Material to process:
Start of Block

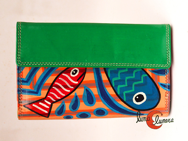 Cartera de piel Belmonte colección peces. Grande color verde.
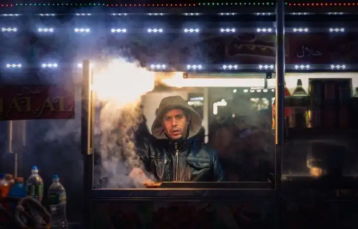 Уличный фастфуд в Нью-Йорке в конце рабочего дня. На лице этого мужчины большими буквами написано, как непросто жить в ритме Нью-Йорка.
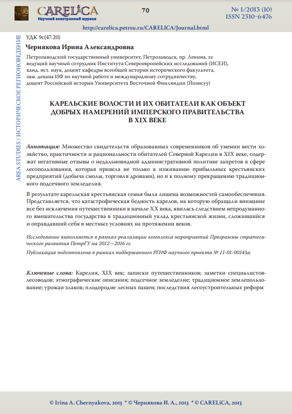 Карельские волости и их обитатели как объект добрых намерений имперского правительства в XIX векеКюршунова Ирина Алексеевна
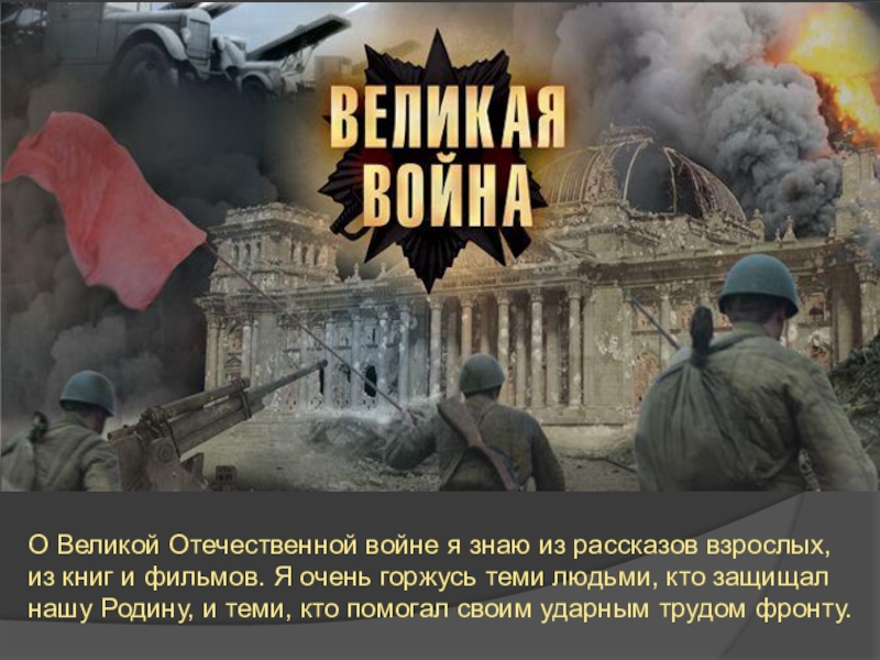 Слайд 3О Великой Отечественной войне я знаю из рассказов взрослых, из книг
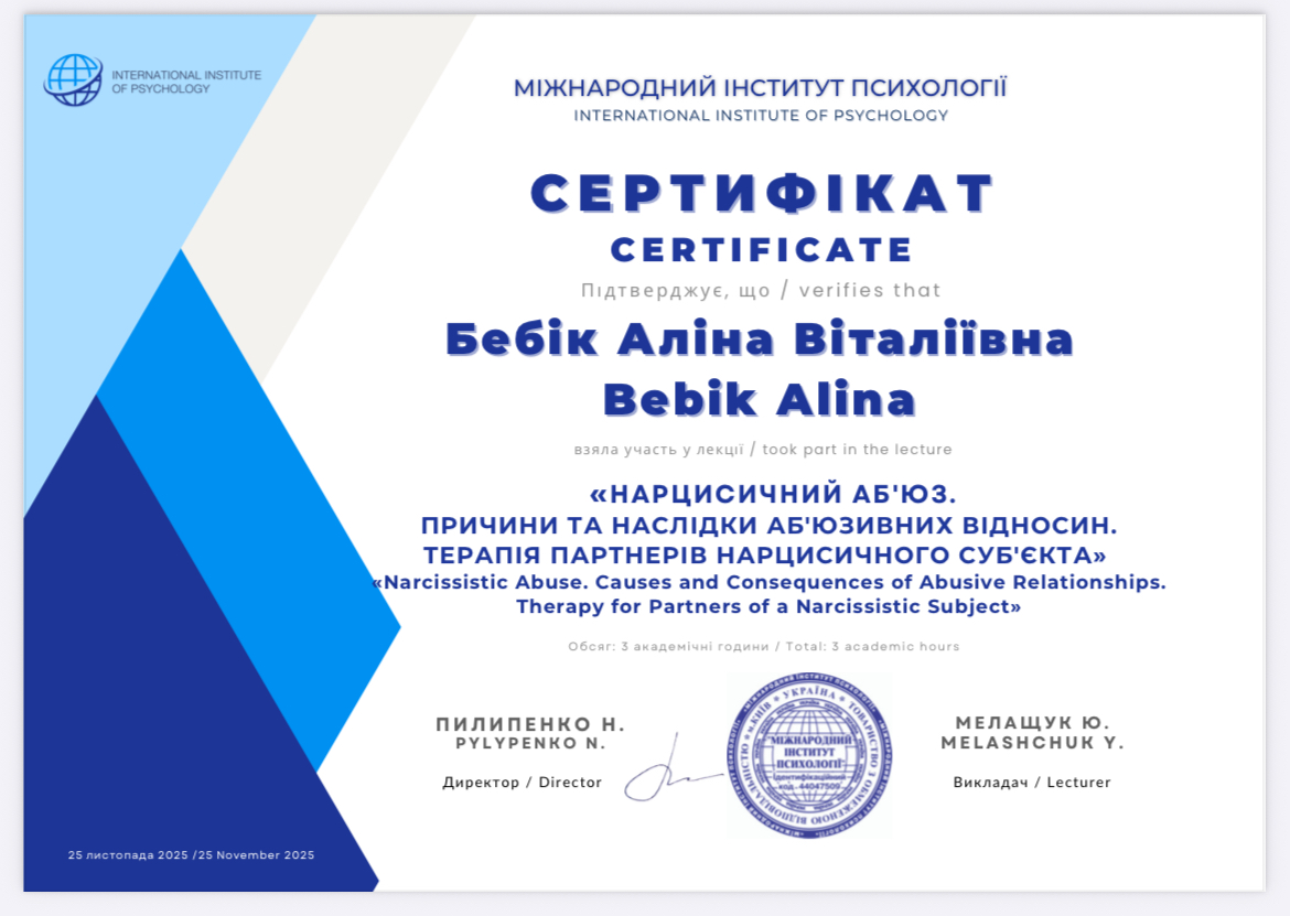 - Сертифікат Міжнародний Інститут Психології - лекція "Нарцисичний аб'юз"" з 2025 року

End of Block

With pictures left out, transcribe each line from the one containing "Уличный фастфуд в" through the end of the data, both ends included.

 Уличный фастфуд в Нью-Йорке в конце рабочего дня. На лице этого мужчины большими буквами написано, как непросто жить в ритме Нью-Йорка.
 Карельские волости и их обитатели как объект добрых намерений имперского правительства в XIX векеКюршунова Ирина Алексеевна
 Слайд 3О Великой Отечественной войне я знаю из рассказов взрослых, из книг
 - Сертифікат Міжнародний Інститут Психології - лекція "Нарцисичний аб'юз"" з 2025 року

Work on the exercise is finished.